The consolidators see things rather differently. They perceive that across the board, EU farmers lack competitiveness on world markets, in part because of the burden of meeting higher regulatory standards and having higher costs for land, labour and farm inputs. For this reason, the EU must step in and provide a blanket form of support to almost all farmers, approximately on the basis of their output. This ‘market correction’ will allow farmers in the EU to compete on a ‘level playing field’ internationally. For the support to be WTO-compliant it must be decoupled from production. This change was the most important part of the Fischler reforms agreed in 2003 and implemented with to varying degrees by member states. The fear expressed by consolidators, which is articulated in great length in the Scenar 2020 report, is that without a big cash injection, most European farmers would go out of business.
The limited ambition of the CAP Health Check proposals represent a victory for the consolidators, although the contours of the debate are visible in discussion of key health check elements such as the level of modulation, the introduction of payment limits and the potential of Article 68 measures which, depending on how they are drafted, could follow a programming-approach or resemble an old-style production subsidy.

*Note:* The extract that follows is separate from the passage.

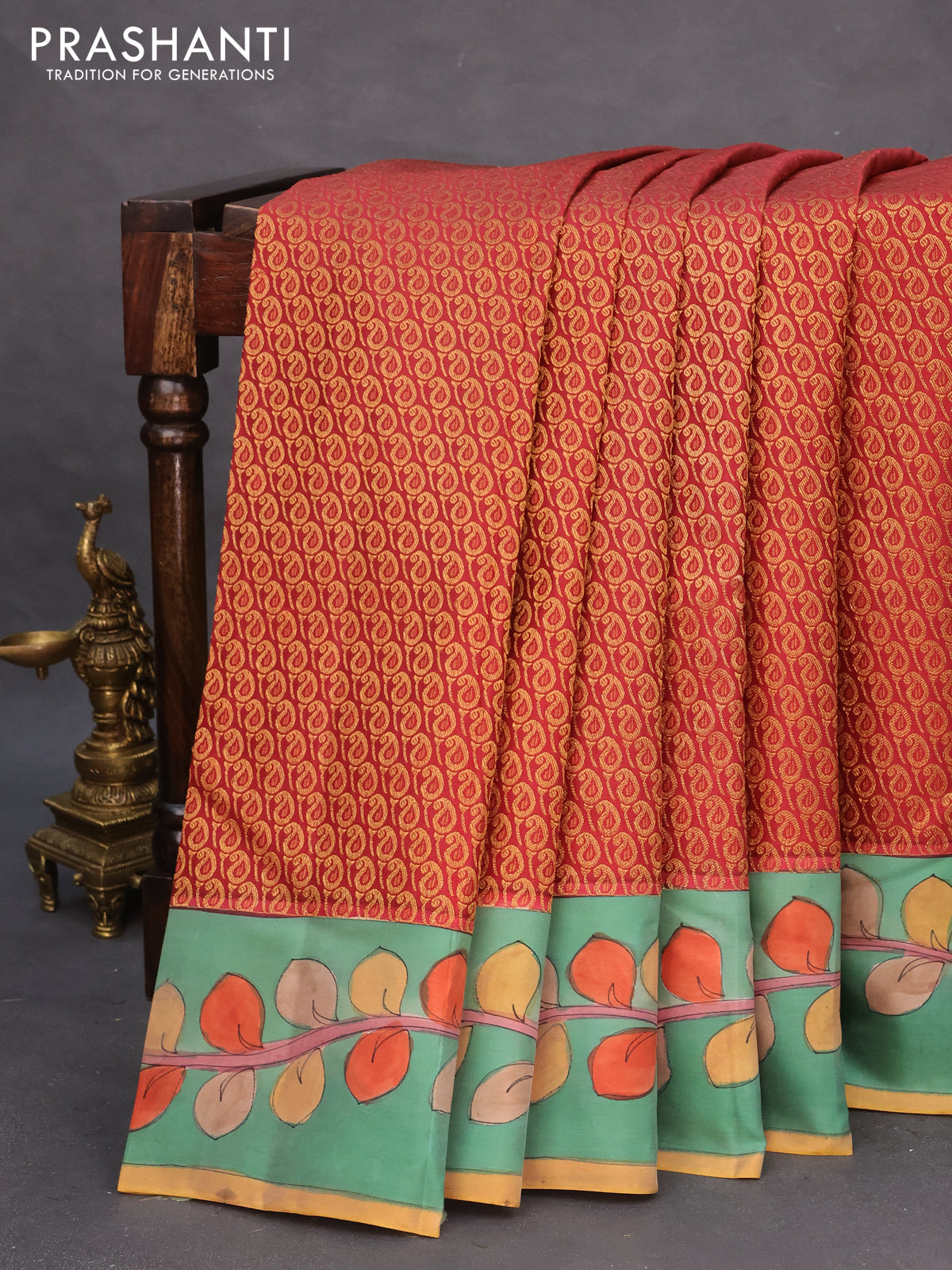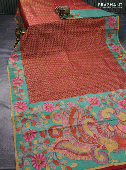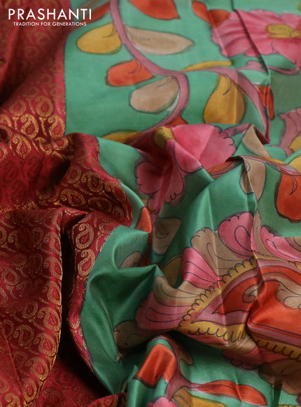 Pure kanchipuram silk saree maroon and teal green with allover zari woven paisley brocade weaves and kalamkari printed pallu & border

It is unclear how long-lasting the consolidators’ victory will be. Those around Agriculture Commissioner Mariann Fischer Boel echo her line of ‘one vision, two steps’ with varying degrees of radicalism, inferring quite different notions of the shape of the CAP beyond 2013. For some senior members of her Cabinet, the single farm payment is just a transitory arrangement, as it had originally been intended when direct payments were first introduced in the 1990s. Broadly speaking there are a two alternative visions of the future: (1) a flat-rate per hectare payment for all European farmers or (2) a massive expansion of the rural development budget under the programming approach. Both involve major redistributions which present significant political challenges.
Some fear that without the current SFP (or its flat-rate successor) as a one-size-fits-all entitlement policy run from Brussels, DG Agri would likely face budget cuts, loss of prestige within the Commission and a diminished power to shape land management practices across the continent. They also fear that a programming approach implies greater flexibility for member state discretion, a CAP à la carte, partial renationalisation and the undermining of the single market. Some federalists of the old school are consolidators simply because the CAP is the policy area that has seen the highest level of European integration. For them, criticism of the CAP is critism of European project.
These then are the battle lines of the coming debate over the future the CAP in the EU budget review. What we see now is the phony war, the real action will wait until after the next European Parliament elections and the appointment of a new Commission with – it is widely assumed – a new Agriculture Commissioner.